Holiday Notice:
The Frontline Support team will be offline February 18 for President's Day but will be back February 19th. Thank you for your patience as we get to all of your questions!

Understanding my VQSR results

Hi Everyone, I have a few questions about VQSR I was hoping to have answered. First, a bit about my project. I am interested in finding de novo mutations in human (multi-sibling) families, looking at the whole genome. The 14 families I am dealing with have anywhere between 2 and 6 children (for a total of 79 whole genomes for this cohort). I have implemented the preprocessing pipeline, the germline short variant discovery workflow and finally the genotype refinement workflow for germline short variants. The only major changes I have mde was to parallelize as much as possible by processing an entire family at a time (as opposed to single individuals). This means that I have been applying VQSR to each family independently (4-8 whole genomes each time). At first I was getting the dreaded 'no data error' when running VariantRecalibrator on the SNPS (step 1). I added the parameter '--max-gaussians 4' and this seems to have solved the problem. Here is an example of how I call it:

~/gatk-4.0.11.0/gatk VariantRecalibrator \
    -R ~/hg38/Homo_sapiens_assembly38.fasta \
    -V ~/8_rvqs/1041_08/1041_08.vcf \
    --resource hapmap,known=false,training=true,truth=true,prior=15.0:/~/hg38/hapmap_3.3.hg38.vcf.gz \
    --resource omni,known=false,training=true,truth=true,prior=12.0:~/hg38/1000G_omni2.5.hg38.vcf.gz \
    --resource 1000G,known=false,training=true,truth=false,prior=10.0:~/hg38/1000G_phase1.snps.high_confidence.hg38.vcf.gz \
    --resource dbsnp,known=true,training=false,truth=false,prior=2.0:~/hg38/dbsnp_146.hg38.vcf.gz \
    -an DP \
    -an QD \
    -an FS \
    -an SOR \
    -an MQ \
    -an MQRankSum \
    -an ReadPosRankSum \
    -mode SNP \
    --max-gaussians 4 \
    -tranche 100.0 -tranche 99.9 -tranche 99.0 -tranche 90.0 \
    -O ~/8_rvqs/1041_08/1041_08_recalibrate_SNP.recal \
    --tranches-file /~/8_rvqs/1041_08/1041_08_recalibrate_SNP.tranches \
    --rscript-file ~/8_rvqs/1041_08/1041_08_recalibrate_SNP_plots.R \
    >>~/8_rvqs/1041_08/1041_08_VR_SNP.log 2>&1

Other than '--max-gaussians 4', I think this is straight from the documentation. I then apply the model for SNPS, build a model for indels and finally apply the model for indels. Everything runs successfully and I have attached the plots generated. Now for my questions:

1) Looking at the SNP and INDEL plots I'm not sure how to evaluate them. Do these look reasonable? The plots generated from family to family look similar.

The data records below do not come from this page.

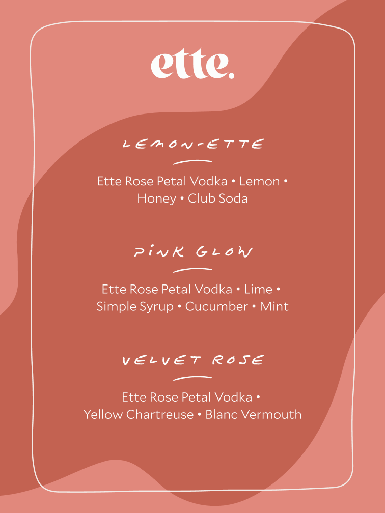 Ette is a floral vodka brand based in the NYC area made from hand-picked, one-of-a-kind ingredients that are blended with six-times distilled vodka to create a decadent floral taste that transports you with every sip.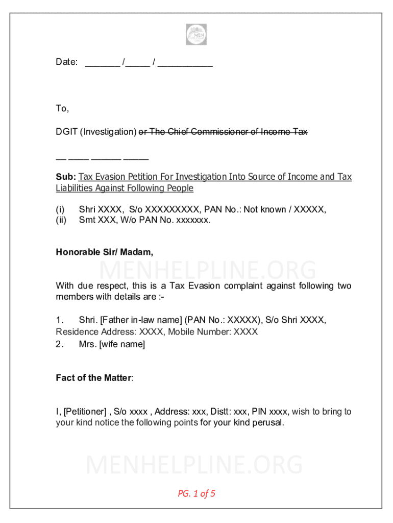 Sample Tax Evasion Petition Form: A Comprehensive Guide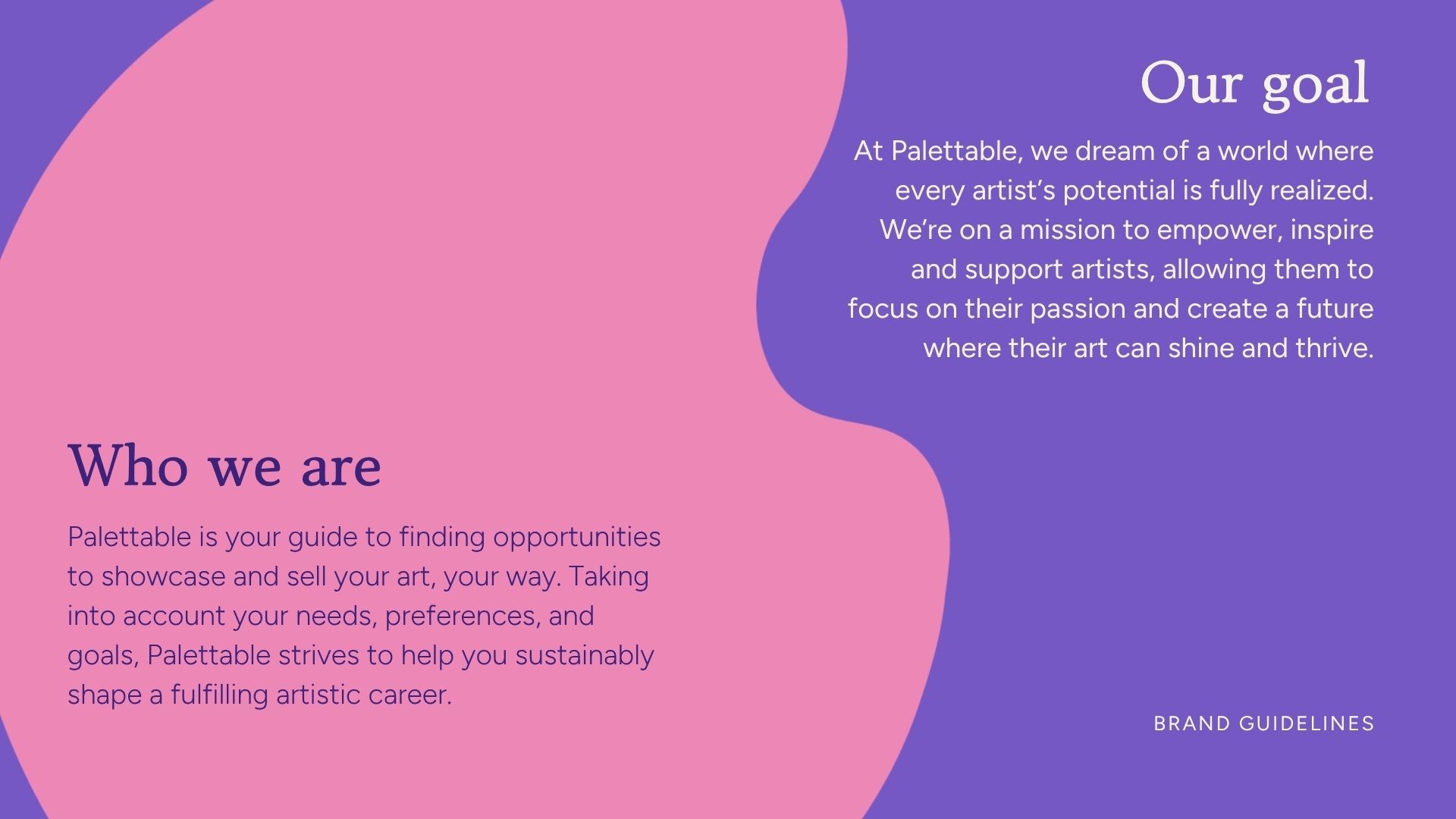 Independent artists navigating a business that rewards connections as much as craft rarely have a dedicated resource for discovering where to show and sell their work. Palettable was built to change that. My job was to make sure the brand felt like it genuinely belonged to them.

2) From what I know DP means read depth. The average read depth for the individuals in this example family is between 33 and 35 but the plots show a DP range between 0 and 400. Does this make sense some how?

3) For the SNP tranche plot, in the example family here I have a range of Ti/Tv of 1 - 1.6. I have read on here and other places online as well as in the talk on VQSR I found on youtube (linked below) that you would ideally like to have a Ti/Tv over 2 for human data. Is this something I should worry about? This is similar across all of my families:

4) My last question may be the most basic.... if I'm only worried about identifying de novo mutations, do I need to worry about any of this? After the VQSR I take the results and pump them directly through the genotype refinement workflow for germline short variants and then identify the annotated de novo mutations. I do not ever do any explicit filtering on the scores calculated here (I assume they are used to calculate posterior probabilities in the next step). So if I'm not filtering based on the VQSLOD, should I be worried about any of this? Or should I definitely be filtering based on VQSLOD before proceeding?

Please let me know if any other details would be helpful here. Thanks!

Answers

  • shleeshlee CambridgeMember, Broadie, Moderator admin

    Hello @aschoenr,

    @bhanuGandham asked I look into your questions.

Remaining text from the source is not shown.